Proof of the holonomy principle for $1$-forms

Question

Let $M^n$ be a Riemannian manifold with a connection $\nabla$. For a fixed $x\in M$, we define $H:=\text{Hol}_x(\nabla)$ and identify $T_xM\equiv \mathbb{R}^n$. The Holonomy Principle states that:

there is a bijective correspondence between $H$-invariant tensors on $\mathbb{R}^n$ and parallel tensor fields on $M$.

I wasn't able to find any proof I could understand, mainly because of the tensor/bundle dialect, which is still very obscure to me.

I wonder if there is an elementary proof for a particular case, which would shed light on the general idea. For example, if the tensors are $1$-forms, I would have to prove that:

if $\omega_0\in (\mathbb{R}^n)^*$ is $H$-invariant, then there exists $\omega\in\Gamma(TM^*)$ with $\nabla \omega=0$ and $\omega_x=\omega_0$. Conversely, if $\nabla\omega=0$, then $\omega_x$ is $H$-invariant.

Any suggestions?

Answer 1

Constructing $\omega$ from $\omega_0$ is straightforward. We'll need $M$ to be connected though.

For any piecewise smooth path $\gamma : [0,1]\to M$, starting at $x$ and ending at $y$, the parallel transport map $P_\gamma : T_xM\to T_yM$ is an isomorphism of the tangent spaces at $x$ and $y$. Then for any other path $\gamma'$ from $x$ to $y$, if $v\in T_x$, we can produce both the vector $P_\gamma v$ and $P_{\gamma'}v$ in $T_yM$. In order to get a single well defined vector in $T_yM$, these had better be equal.
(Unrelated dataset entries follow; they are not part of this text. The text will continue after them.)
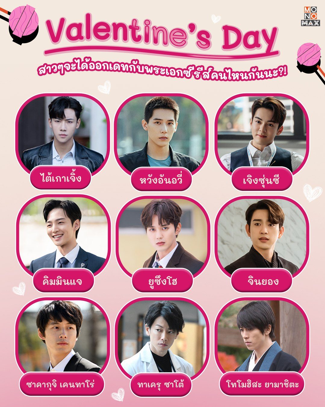 สาวโสดจะไม่เหงาอีกต่อไป เมื่อมีเหล่าพระเอกซีรีส์ของเราเคียงข้างในวันวาเลนไทน์ มาร่วมสนุกไปพร้อมๆกับพวกเขาได้ในซีรีส์หลากรส ที่จะพาแฟนๆไปฟินกับความรักที่แสนละมุนใจ ว่าแต่จะมีพระเอกคนไหนโดนใจแฟนๆซีรีส์บ้างมั้ยนะ?! ตามมารับชมผลงานซีรีส์ของพวกเขาได้ในแบบฉบับพากย์ไทย-ซับไทยที่ MONOMAX
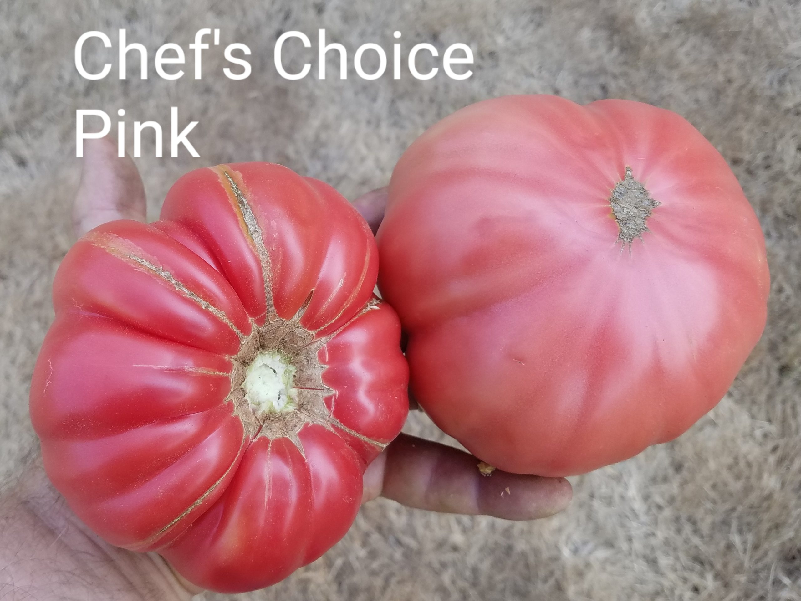 Chef’s Choice hybrid varieties appear to offer hybrid vigor, uniformity and disease resistance with the old-time tomato flavor all tomato lovers seek after. The pink version yields 12 to 16 ounce slicers with firm, good tasting fruits.
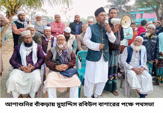 আশাশুনি (সাতক্ষীরা) প্রতিনিধি : আশাশুনি উপজেলা শোভনালী ইউনিয়নে জামায়াতে ইসলামী উদ্যোগে নির্বাচনী পথ সভা অনুষ্ঠিত হয়েছে। আজ ১১ ডিসেম্বর ২০২৫ রোজ বৃহস্পতিবার বাঁকড়া সরকারি প্রাথমিক বিদ্যালয় মাঠে এ সভা অনুষ্ঠিত হয়।
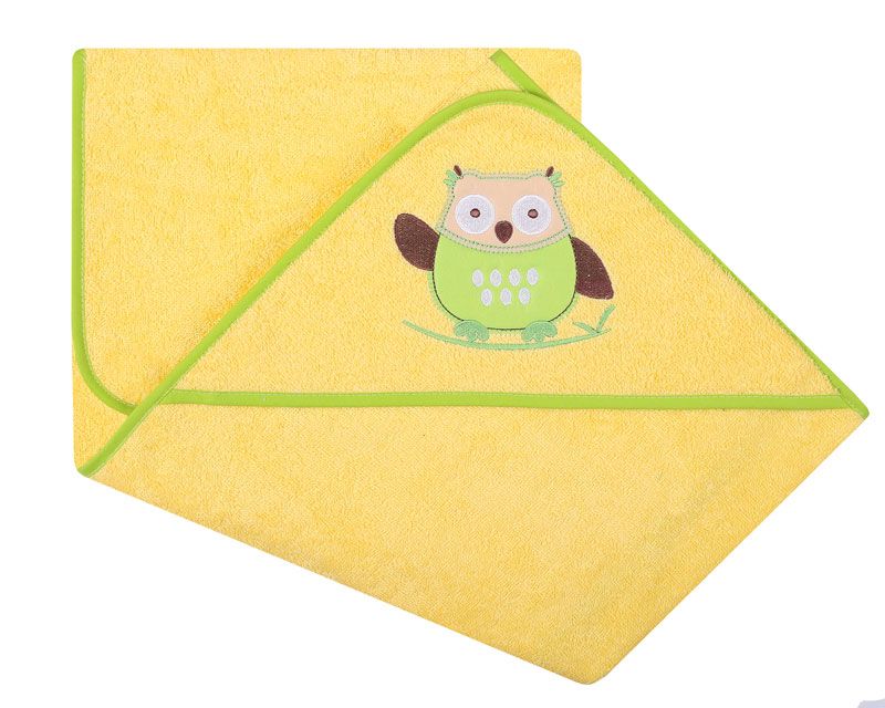 Rankšluostis kūdikiui "Owl" su gobtuvu 80x80cm geltonas
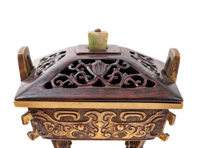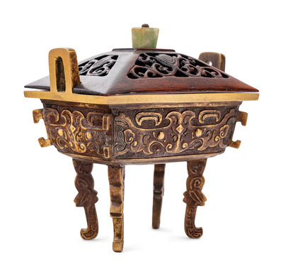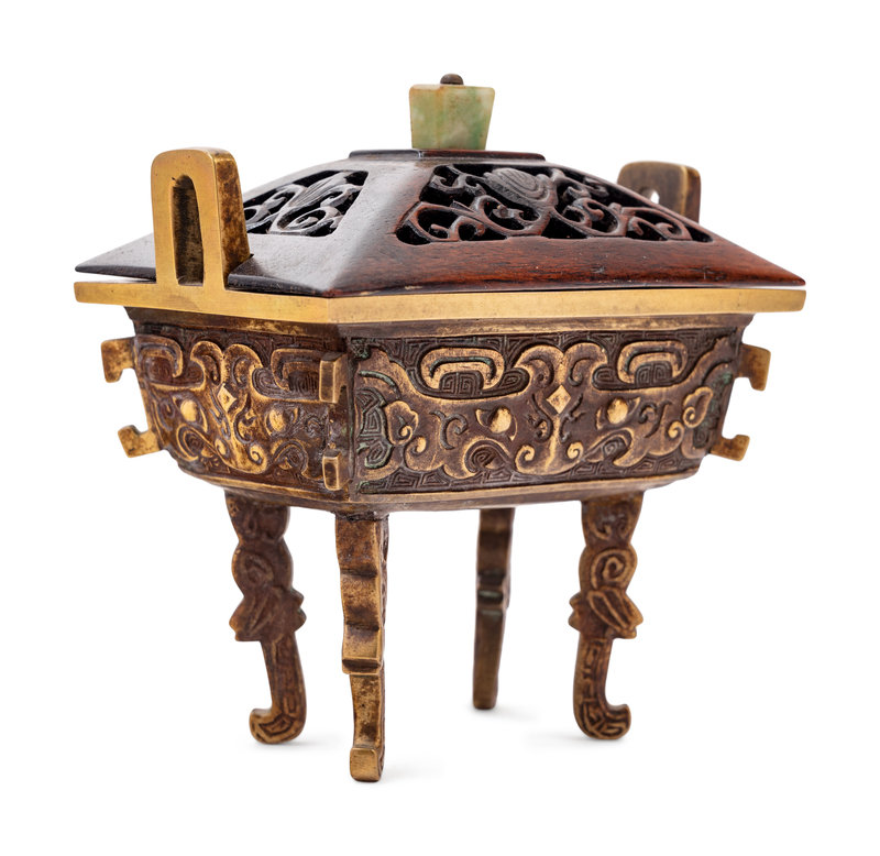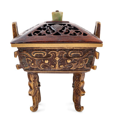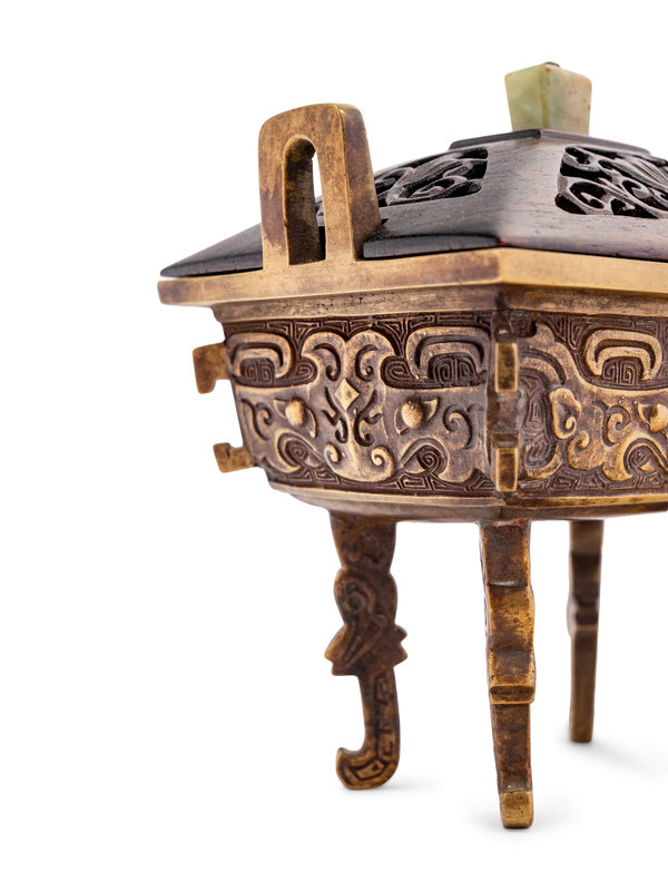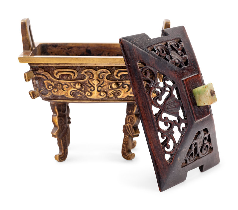 the rectangular body cast with taotie masks divided by flanges, supported above four slender curvilinear leg, all surmounted by reticulated hardwood cover terminating in a hardstone finial.
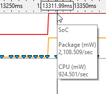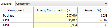 The Power Pane shows the amount of energy consumed by each component during collection (mJ and mW). The energy consumption is an estimate of the power consumed and not an exact measurement by the hardware. Consider running the same analysis on the device for a second time to have two sets of power metrics for data comparison.

The condition that $$P_\gamma v = P_{\gamma'}v$$ is equivalent to $$P_{\gamma'}^{-1}P_{\gamma}v=v,$$ but $$P_{\gamma'}^{-1} = P_{\bar{\gamma}'},$$ where $\bar{\gamma}'$ denotes the reverse path of $\gamma$. Thus $P_{\gamma'}^{-1}P_\gamma v= P_{\bar{\gamma}'\cdot\gamma}v$, where $\cdot$ denotes concatenation of paths. But $P_{\bar{\gamma}'\cdot\gamma}\in H$. Thus we can uniquely parallel transport a vector $v\in T_xM$ to any other point $y$ in $M$ as long as $v$ is invariant under $H$. An identical argument shows that this is true for any other sort of tensor as well.

To be precise. If $v\in T_xM$ is a vector invariant under the action of $H$, then we can extend it to a parallel vector field on $M$, $V$ by defining $V_y = P_\gamma v$, where $\gamma$ is any piecewise smooth path from $x$ to $y$. The same is true for any $H$-invariant tensor at $x$.

For the converse, we'll also stick to vector fields, since everything generalizes identically to tensor fields.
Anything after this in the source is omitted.